Reading Wikipedia's article on Peter Kropotkin, I had to admire the author's clever use of Marxist euphemisms. He did not bother to "Think pink!" Instead, he put a humanitarian halo over the Marxist tendency to nationalize industries and confiscate private-wealth, in the name of the common-good. The Marxist, Robin-Hood principle of stealing other people's stuff, in order to squandor it in the public sector, makes wealth a non-renewable public resource. Once it's gone, it's gone!

 

When a Marxist leadership uses up all that wealth, it has nothing to replace it! Leftists should have learned that lesson irrevocably from the Soviet examples—Marxism does not work. The Wikipedia author even referred to Kropotkin as a "libertarian socialist," which is a hoot! A government is not libertarian if it steals the wealth of its citizens, then doles it out to party-bosses and cronies, on the basis of party-loyalty.

  

Friedrich von Hayek wrote in his book The Road to Serfdom that people attracted to a system of government that deprives "private individuals of the power they possess in an individualist system," believe that "by transferring this power to society, they can extinguish power." Instead, all they do is "concentrate power that can be used in a single plan." In Marxism, power is not merely "transferred but infinitely heightened" by the Marxist tendency to concentrate power in the hands of a few, that had been "formerly exercised independently" in the hands of many.
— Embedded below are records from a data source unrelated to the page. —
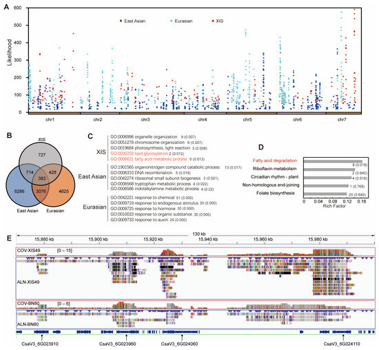 Lipid-related domestication in XIS cucumbers. (A) Selective sweep analysis of XIS group, EA group, and EU group by using resequencing reads of four groups of 115 cucumber accessions. IN group cucumbers were taken as a reference. Threshold value of domestication signal, top 1% composite likelihood ratio (CLR) value and 5% p-value. (B) Genome-specific selective sweeps were represented using Venn diagrams. (C) Top five GO terms in GO enrichment analysis by using XIS-, East-Asian-, and Eurasian-specific selective sweep genes. Gene number and p-value (in parentheses) were shown for each term. Lipid and fatty acid related GO terms were colored in red. (D) Top five pathways in KEEG enrichment analysis by using XIS-specific selective sweep genes. Gene number and Q-value (in parentheses) were shown for each pathway. Fatty acid related pathway was colored in red. (E) The four dSV genes (enoyl-CoA hydratase/3-hydroxyacyl-CoA dehydrogenase, EHHADH) enriched in fatty acid degradation pathway are clustered on chromosome 6 and show abundant diversity in gene sequence. COV, coverage track of targeted genome (XIS49 and BN80) to the reference genome CL. ALN, alignment track of targeted genome (XIS49 and BN80) to the reference genome CL. The inverted blue triangles indicate insertion markers. The color lines in coverage track and alignment track indicate mismatched bases. The mapped reads to the reference sequence were shown with their orientation below the alignment track. The color of the reads indicate reads quality, referring to published IGV for details [34].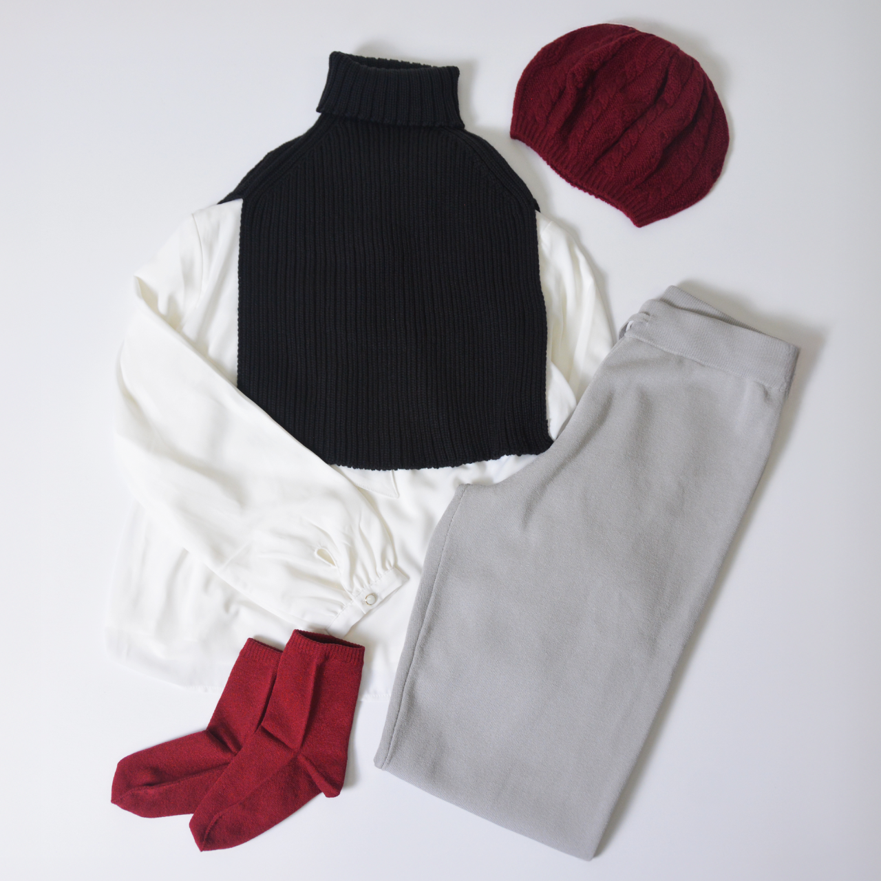 寒い季節にぴったりの上質なウールラムを100%使用したハイネックスヌードです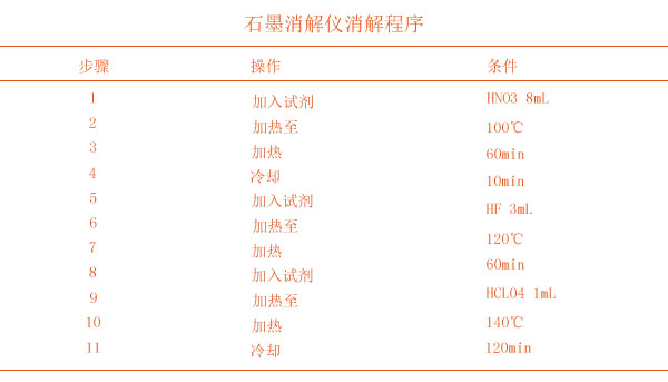稱取試樣0.2~0.5g(精確到0.1mg)于聚四氟乙烯消解管中,將消解管放入石墨消解裝置石墨孔中。設(shè)置消解程序進(jìn)行消解。消解完畢后冷卻至室溫,然后加入硝酸溶液(1+1)1mL溶解殘?jiān)D(zhuǎn)移至50mL容量瓶中,用少量去離子水洗滌消解罐,洗滌液一并轉(zhuǎn)移至容量瓶,同時(shí)測定消解全程空白。智能石墨消解的消解程序下面見表1。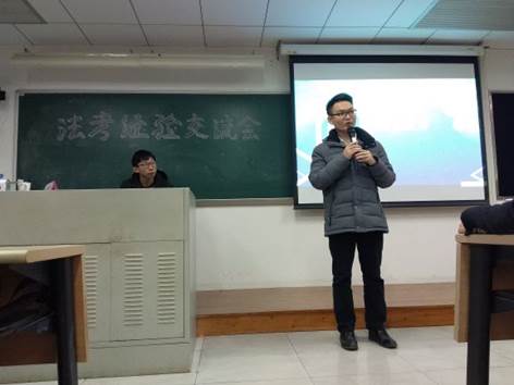 本网讯(文字:法学院团委学术部 摄影:法学院团委学术部 ) 12月12日晚,法学院本科生法考经验交流会在G308顺利举行,众合教育广州分校校长韦聪先生、法学院团委书记陈宇老师及李峻铭、王婧茹、戴志诚、汤艾熹等法学院师生出席了本次交流会。

The Cuban leader Fidel Castro took the Marxist road to serfdom and confiscated all the property of of his people. Not very many Cubans wanted to live as Marxist non-entities and started fleeing to the U.S. from the get-go, to start a new life. Like any normal person, they wanted to own things—a car, a refrigerator, and a TV—things that the average American could not only afford, but could not live without.

And yet, someone posting on Facebook as Democratic Socialism Now! quoted Castro, treating him as a competent critic of Capitalism. What a hoot! No sensible person would ever equate America's poverty with Cuba's. 

"Maybe the leftists just overlooked some details," you might say. I respond that you should accept as a given that leftist envy and resentment obsesses itself into a hatred of America's success-story—hatred tinged with nihilism and not a little self-loathing.

We need to tell the success-haters like Democratic Socialism Now! to create their own utopia, to feature the Marxist principles they claim as their own. Expect heckling and cynical laughter for your effort to unload these people. They aren't going anywhere!

Most of the people who read blogs like Democratic Socialism Now! posts voted for Bernie Sanders. They are mostly young Whites from upper-middle class families. The Blacks know better than to vote for a man who wants to make everyone poor. They have been institutionally poor once and know enough about poverty not to want it again.